BEGIN Materials provided

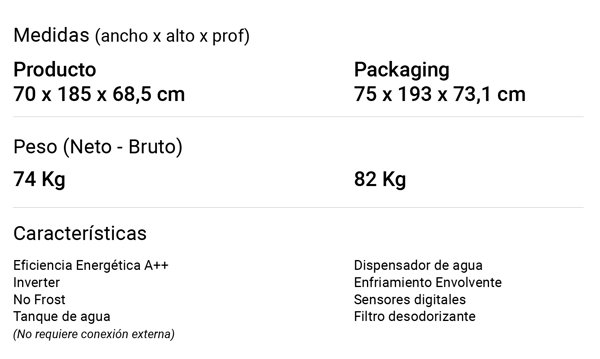 La heladera TM465I tiene tecnología INVERTER ajusta automáticamente la velocidad del compresor según la demanda de frío. Utiliza menos energía, minimiza el ruido y reduce el desgaste, generando un rendimiento de mayor durabilidad. Asimismo, la eficiencia energética A++ de esta heladera reduce notablemente el consumo de energía, generando un rendimiento de mayor durabilidad.
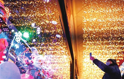 12月2日,在法国巴黎,人们拍摄商店的圣诞橱窗。 新华社/欧新
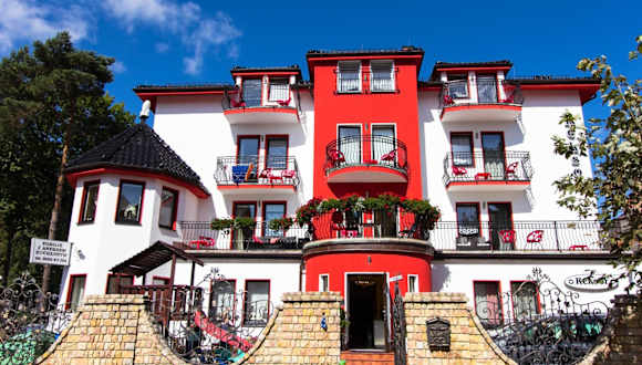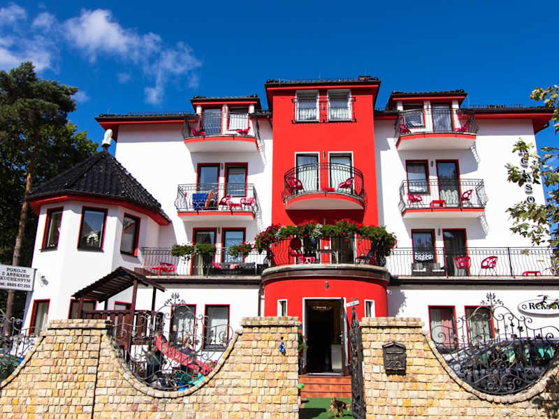 Das Hotel Reksor in Misdroy bietet Ihnen eine komfortable Unterkunft in der Nähe von verschiedenen Sehenswürdigkeiten. Genießen Sie den kostenlosen WLAN-Zugang und die kostenfreien Privatparkplätze. Die Zimmer verfügen über eine voll ausgestattete Küchenzeile, einen Flachbild-TV und ein eigenes Bad. Einige Zimmer bieten zudem einen Balkon oder einen separaten Sitzbereich. Entspannen Sie im Garten mit Grillmöglichkeiten oder nutzen Sie den Kinderspielplatz. Die Lage des Hotels ermöglicht es Ihnen, die Umgebung zu erkunden und Aktivitäten wie Wandern zu unternehmen. Besuchen Sie die beliebten Sehenswürdigkeiten in der Nähe wie den Strand Misdroy, den Walk of Fame und das Wachsmuseum. Der Flughafen Heringsdorf ist nur 27 km entfernt.
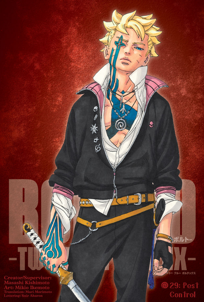 I must admit, I was a bit of a skeptic of the too-many-Borutos approach to chapter covers, but I'm starting to see the vision. (Yes, I know he's the fucking mc, and he's going to appear a lot. Lay off.) We're presented with the evolution of Boruto in Two Blue Vortex, his development or his descent, depending on how you view the story's progress. We can track the addition of the pin representing Kawaki (either the word brother or a taiyaki treat) that appears after their alliance, we track the changes in his master's sword after Sumire's upgrade. In recent covers, he's shed his cape, the scar where his human heart once was exposed more and more.
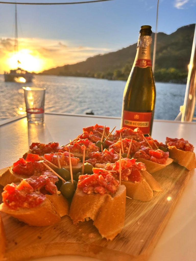 Um drei gab’s dann Kaffee und Käsekuchen. Während der schönen Sonnenuntergangsstimmung haben wir nochmal auf Katrin mit Sekt angestoßen und es gab einen kleinen Snack dazu.
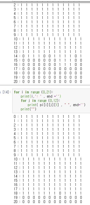x 축은 내 카드합(0~20) y 축은 딜러 카드의 숫자이다.
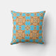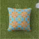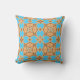 Vibrant modern outdoor pillow design featuring a seamless pattern made of geometric shapes in ochre brown and turquoise.
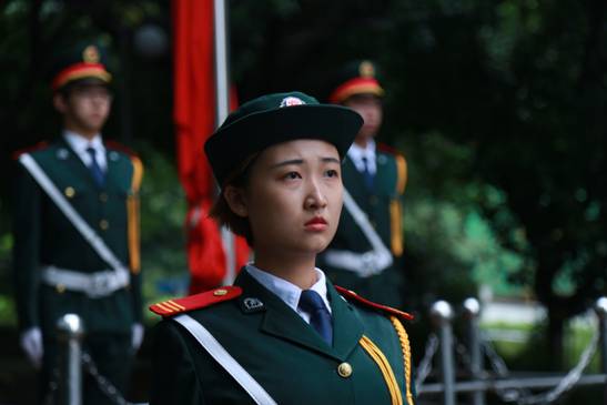 升旗仪式开始,beat365大自委国旗班的升旗方队迈着铿锵有力的步伐,气宇轩昂地走向升旗台。伴着庄严的国歌声,鲜红的五星红旗在众人的注目礼中冉冉升起。礼毕后,升旗方队整齐肃穆地站在升旗台前,严肃庄重。
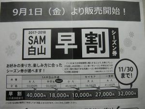 一里野温泉スキー場管理事務所では2017-18SAM白山シーズン券も販売中ですので、紅葉狩りのドライブのついでに、おトクなシーズン券も手に入れては。

END Materials provided

Reproduce the records in full, exactly as they appear, and show none of the pictures.

 La heladera TM465I tiene tecnología INVERTER ajusta automáticamente la velocidad del compresor según la demanda de frío. Utiliza menos energía, minimiza el ruido y reduce el desgaste, generando un rendimiento de mayor durabilidad. Asimismo, la eficiencia energética A++ de esta heladera reduce notablemente el consumo de energía, generando un rendimiento de mayor durabilidad.
 12月2日,在法国巴黎,人们拍摄商店的圣诞橱窗。 新华社/欧新
 Das Hotel Reksor in Misdroy bietet Ihnen eine komfortable Unterkunft in der Nähe von verschiedenen Sehenswürdigkeiten. Genießen Sie den kostenlosen WLAN-Zugang und die kostenfreien Privatparkplätze. Die Zimmer verfügen über eine voll ausgestattete Küchenzeile, einen Flachbild-TV und ein eigenes Bad. Einige Zimmer bieten zudem einen Balkon oder einen separaten Sitzbereich. Entspannen Sie im Garten mit Grillmöglichkeiten oder nutzen Sie den Kinderspielplatz. Die Lage des Hotels ermöglicht es Ihnen, die Umgebung zu erkunden und Aktivitäten wie Wandern zu unternehmen. Besuchen Sie die beliebten Sehenswürdigkeiten in der Nähe wie den Strand Misdroy, den Walk of Fame und das Wachsmuseum. Der Flughafen Heringsdorf ist nur 27 km entfernt.
 I must admit, I was a bit of a skeptic of the too-many-Borutos approach to chapter covers, but I'm starting to see the vision. (Yes, I know he's the fucking mc, and he's going to appear a lot. Lay off.) We're presented with the evolution of Boruto in Two Blue Vortex, his development or his descent, depending on how you view the story's progress. We can track the addition of the pin representing Kawaki (either the word brother or a taiyaki treat) that appears after their alliance, we track the changes in his master's sword after Sumire's upgrade. In recent covers, he's shed his cape, the scar where his human heart once was exposed more and more.
 Um drei gab’s dann Kaffee und Käsekuchen. Während der schönen Sonnenuntergangsstimmung haben wir nochmal auf Katrin mit Sekt angestoßen und es gab einen kleinen Snack dazu.
x 축은 내 카드합(0~20) y 축은 딜러 카드의 숫자이다.
 Vibrant modern outdoor pillow design featuring a seamless pattern made of geometric shapes in ochre brown and turquoise.
 升旗仪式开始,beat365大自委国旗班的升旗方队迈着铿锵有力的步伐,气宇轩昂地走向升旗台。伴着庄严的国歌声,鲜红的五星红旗在众人的注目礼中冉冉升起。礼毕后,升旗方队整齐肃穆地站在升旗台前,严肃庄重。
 一里野温泉スキー場管理事務所では2017-18SAM白山シーズン券も販売中ですので、紅葉狩りのドライブのついでに、おトクなシーズン券も手に入れては。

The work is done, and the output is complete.